Manipulating classfiles:

  1. Added classfile.refresh() so that the in-memory representation of a classfile in a trek could be updated if the underlying file is later recompiled.
  2. Added ClassFile.read(instream, trek) and classfile.write(outstream, doclean) to provide maximum flexibility in manipulating classfile data, such as interfacing with a ClassLoader.
  3. Added trek.findClassFile(name) to access in-memory classfiles.
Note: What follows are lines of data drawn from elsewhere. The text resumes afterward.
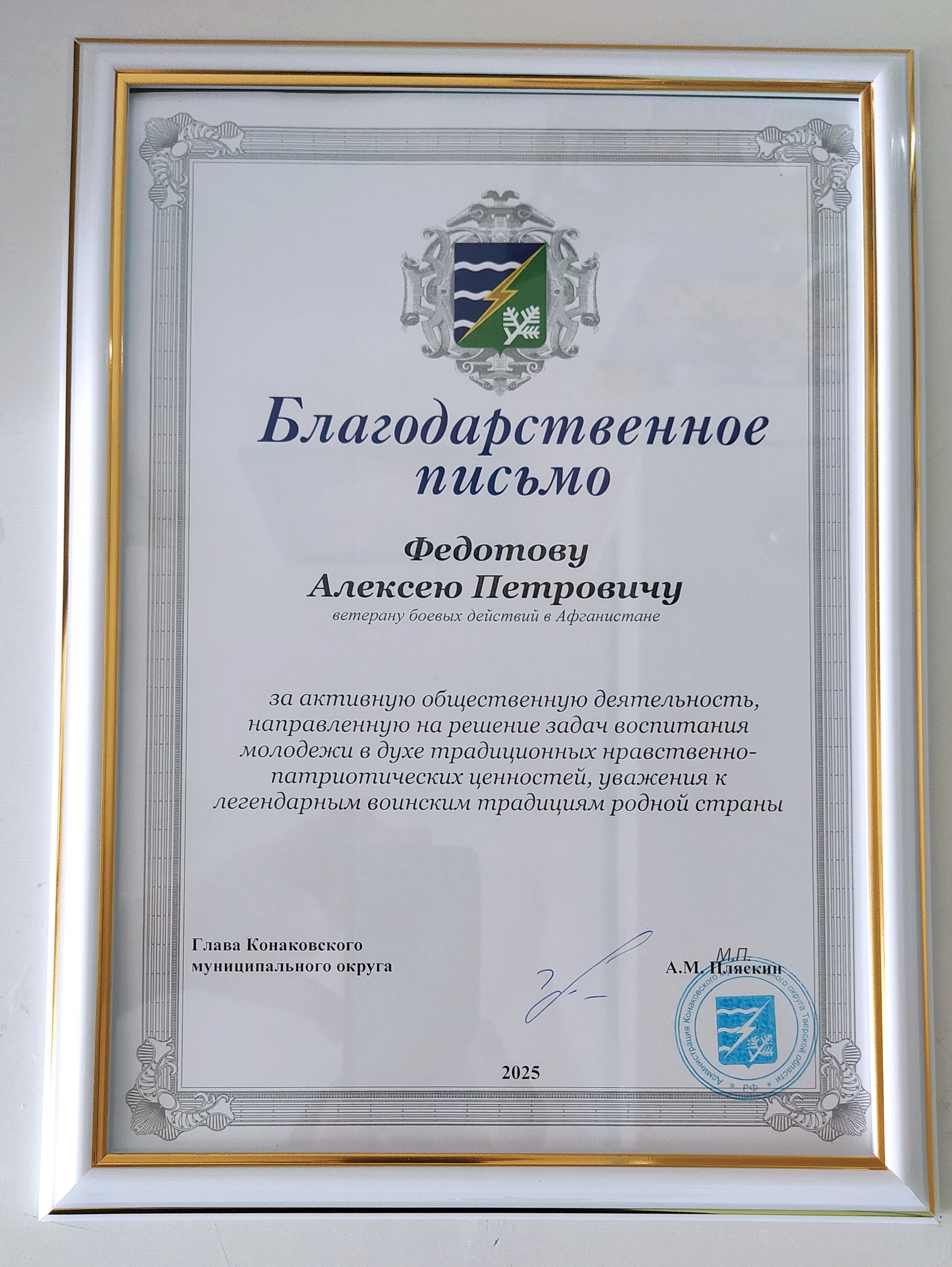 В конференции приняли участие представители власти и общественности, педагоги. При многочисленной педагогической аудитории благодарственное письмо за активную общественную деятельность, направленную на решение задач воспитания молодежи в духе традиционно-патриотических ценностей, уважения к воинским традициям родной страны вручено Алексею Федотову, ветерану боевых действий в Афганистане, руководителю Конаковского районного отделения «БОЕВОГО БРАТСТВА».
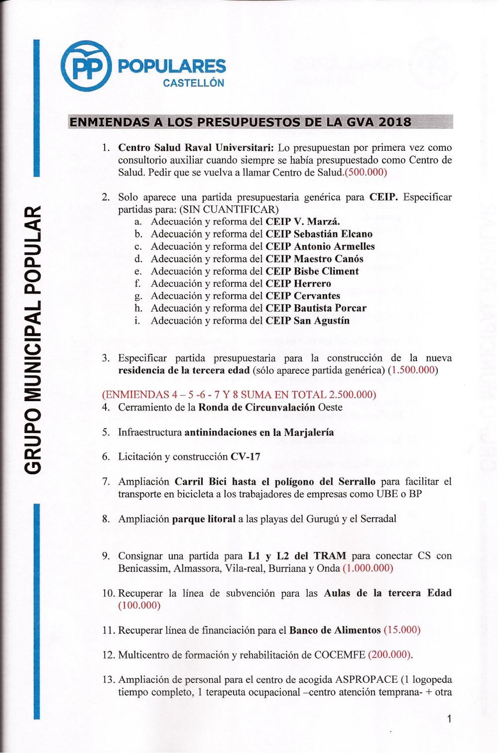 “Demandamos más inversión para obras antiinundaciones en la Marjalería; la ampliación del carril bici hasta el polígono del Serrallo para facilitar el transporte en bicicleta a los trabajadores de empresas como UBE o BP; la ampliación del Parque Litoral a las playas del Gurugú y el Serradal; consignar una partida para L1 y L2 del Tram para conectar Castellón con Benicassim, Almassora, Vila-real, Burriana y Onda; la ampliación del carril bici desde la rotonda de la silla hasta la rotonda frente al Hospital General y una Tourist info en la estación de Castellón”.
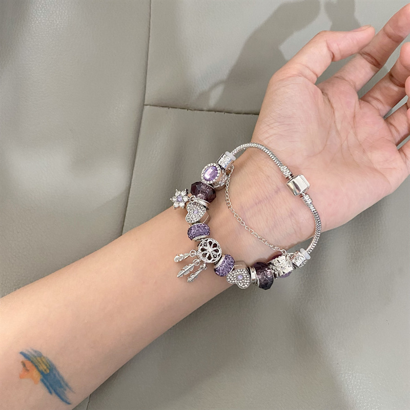 潘家风格紫色水晶手链女ins小众设计轻奢高级感捕梦网吊坠diy手镯
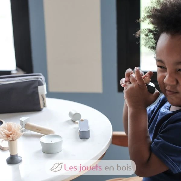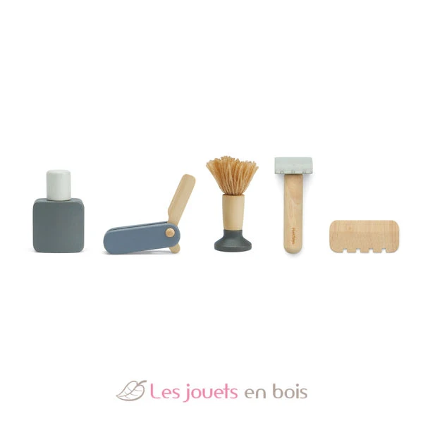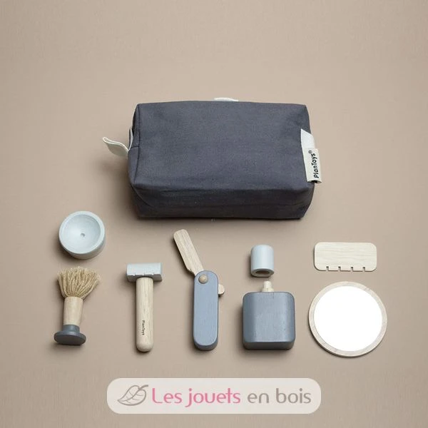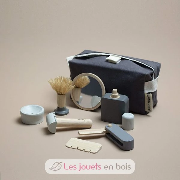 Mein Rasierset enthält einen Kulturbeutel mit 7 Holzaccessoires: einen klassischen Rasierer, einen Friseur, einen Spiegel, einen Bartkamm, ein Aftershave, einen Rasierpinsel und eine Tasse.
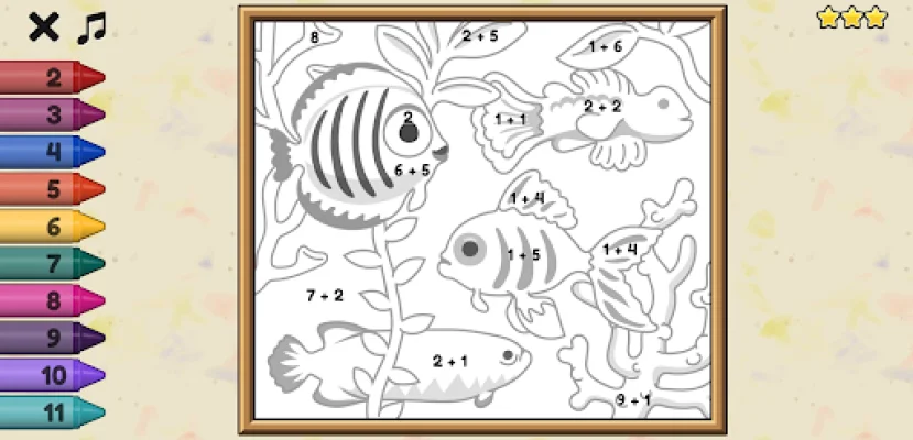 The game offers a wide range of categories to keep children engaged and learning, including coloring by numbers, counting animals, matching numbers, and completing patterns. There is also a memory matching game, which helps improve cognitive skills and memory retention.
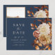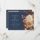 Denna eleganta bröllopsprogram-handfläkt har handmålade akvarellbrända orange och terrakotta blad, kräm och beige dahlior, och vackra rostfärgade rosor på en marinblå bakgrund. Baksidan har en matchande blomster- och bladbouquet med ett foto. Hitta matchande föremål i Navy Blue Autumn Romance Collection.
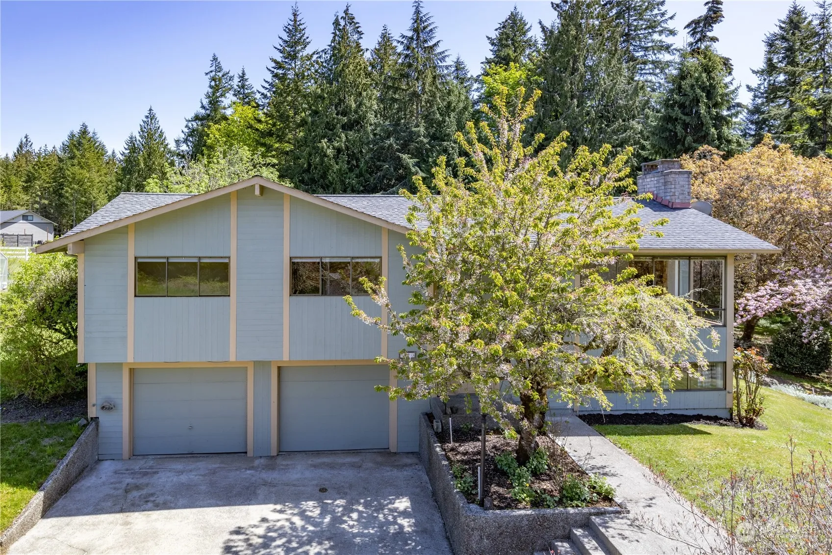 Serene 10 acres in Chimacum Valley with gorgeous territorial and mountain views. The main floor offers sun filled living room w/ propane fireplace, dining to kitchen w/ spacious oversized deck. Down the hall you’ll find a generous sized primary bedroom w/ 3/4 bath, 2 bed/ 1 full bath. 624 sqft finished daylight basement offers great rec room, home office, or flex room. Sliding glass door to patio area that could easily be refenced. 2 car garage and 2 bay carport offers plenty of storage. Enjoy this park like setting on the ‘Hill’ with a wide open lawn, fruit trees, greenhouse and much of the property still forested. No drive-bys, make an appointment with your agent!
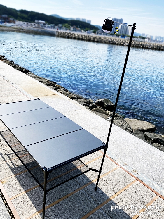 테이블 끝에 랜턴 스탠드를 꼽아주고 랜턴까지 걸어봤어요~ 낮에는 필요 없지만 참고용으로요. ㅋ
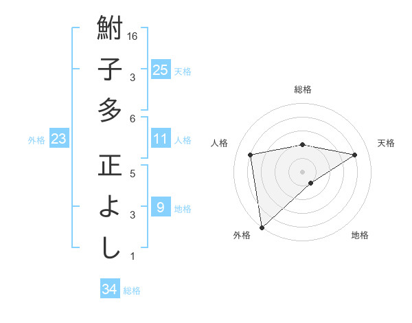 鮒子多 正よしさんの天格は25画の4点!
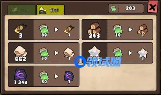 3、炼金转化的材料:一共有5种,分别是:特别票、木头、布料、星星与魔导器小碎片。(魔导具小碎片仅在解锁魔导具系统后才能进行转化)
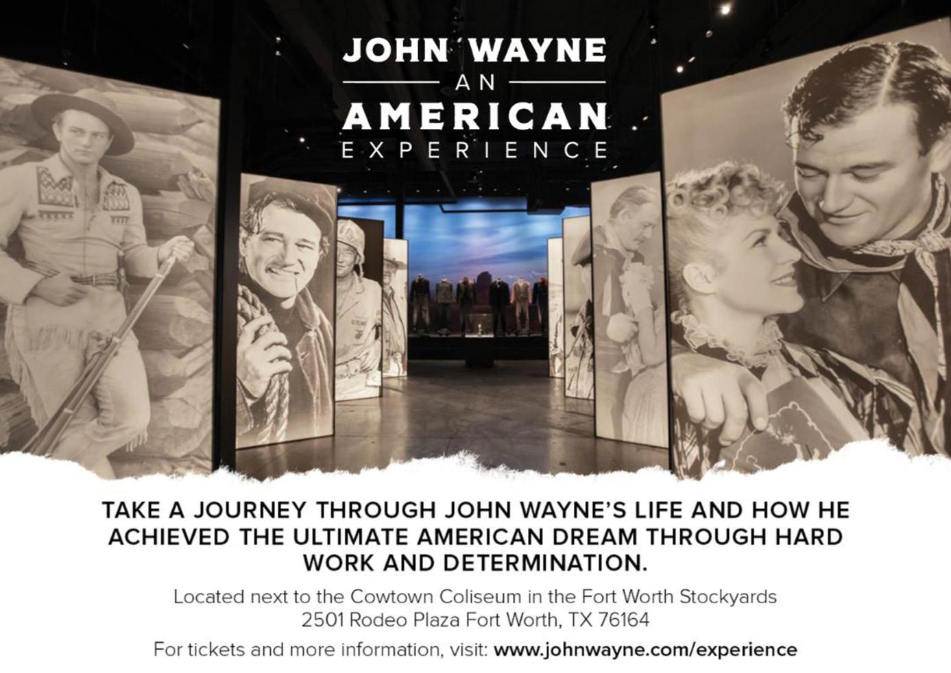 Ongoing John Wayne: An American Experience. Sprawling over 10,000 square feet, the John Wayne: An American Experience exhibit is structured to give an intimate tour of the life of John Wayne. Starting with his early childhood and career, each room highlights an aspect of The Duke’s legacy. For film aficionados, an extensive gallery called the “Life on Screen” highlights the most iconic film props and costumes. All patrons have exclusive access to never-before seen family photos and correspondences which have been thoughtfully curated by the Wayne family in order to give guests a holistic view of the icon, whose values translate both on the silver screen and off. Daily 9 a.m.-6 p.m. 2501 Rodeo Plaza. www.johnwayne.com.
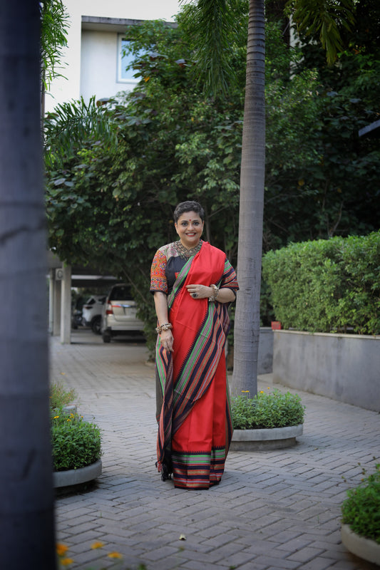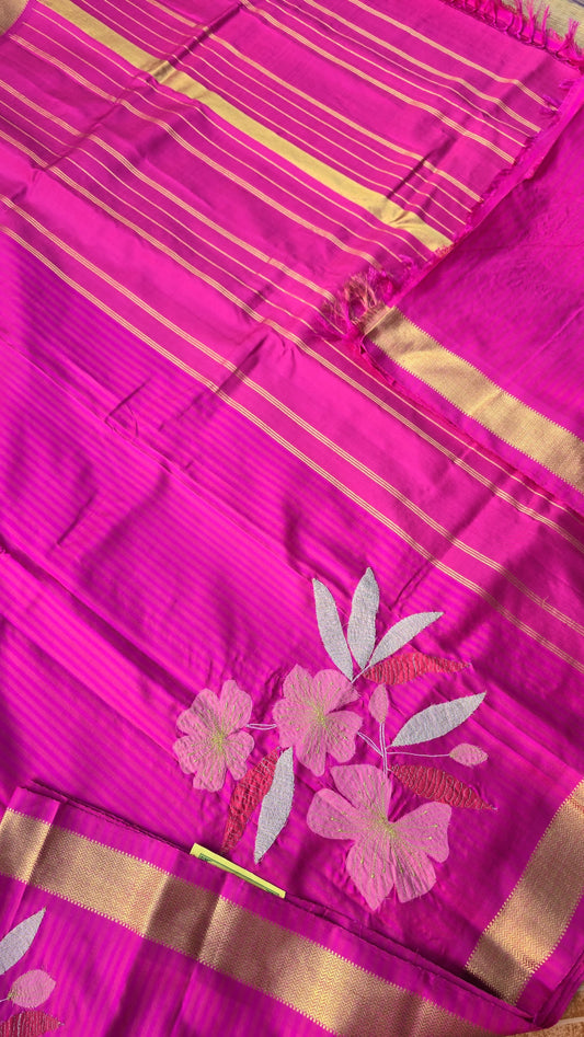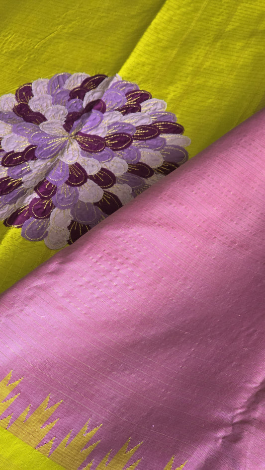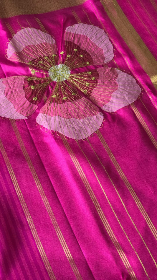 Air India Border Kanjivaram Silk Saree with Pearl & Gota Patti Work
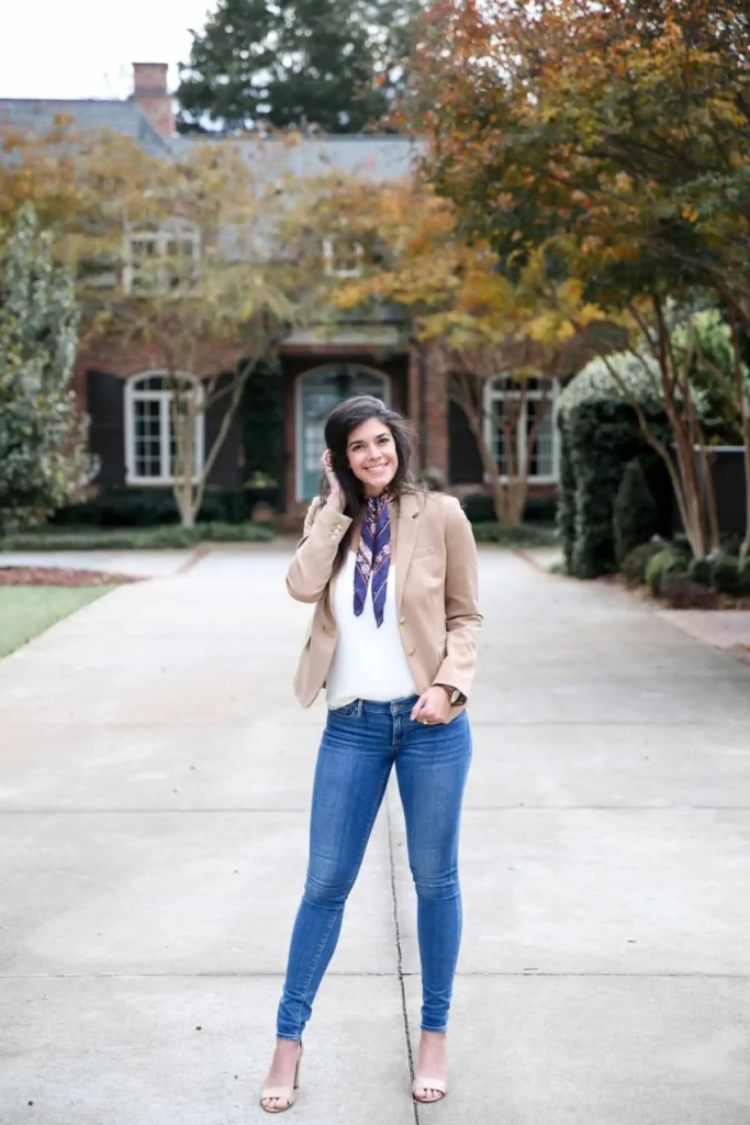This outfit shows how jeans can look clean and professional. A crisp white top paired with a camel blazer creates a neat and structured base. The blue silk scarf adds color and softness without being loud. Well-fitted blue jeans keep the look modern and sharp. Neutral-toned heels finish the outfit and bring everything together. This look proves that a tailored blazer and simple accessories can easily make jeans office-appropriate.

Also clarified which methods may throw an error when they cannot read a classfile whose data they need to accomplish their function.
  4. Made dump of constant pool more readable.

The watch application:

  1. Added -inc switch to allow user to log context info for a watchpoint, such as its thread and its call stack.
  2. Added trace-options to a method watch term to control what info is traced for the method.
  3. Allowed methods to be specified in a watch term's show-list.
  4. Modified watch runtime to handle hitting watchpoints in multiple threads.

Other changes:

  1. Added support for 1.2-style classpaths to -ip switch.
  2. Added instruction.getArrayLoad() to give access to the instruction that loaded the array being used by this array-element instruction.
  3. Added statement.canCall(method) to provide the run-time complement to statement.references(member).
  4. Added the RunLog constructor RunLog(sug, logtype) to allow an instrumentation class to specify the type of log.
  5. Added symbols for instruction opcodes (Code.*) and clarified which instructions have each instruction type.

Known Problems

  1. JTrek may misanalyze a code pattern or throw an error when it processes a code pattern that could not have resulted from legal source code.

    Note that using the Code and Call classes (and thus the watch and profile applications) can result in the creation of classfiles that contain such code patterns. Also note that trek.log will indicate which classfiles of a trek have already been modified by JTrek.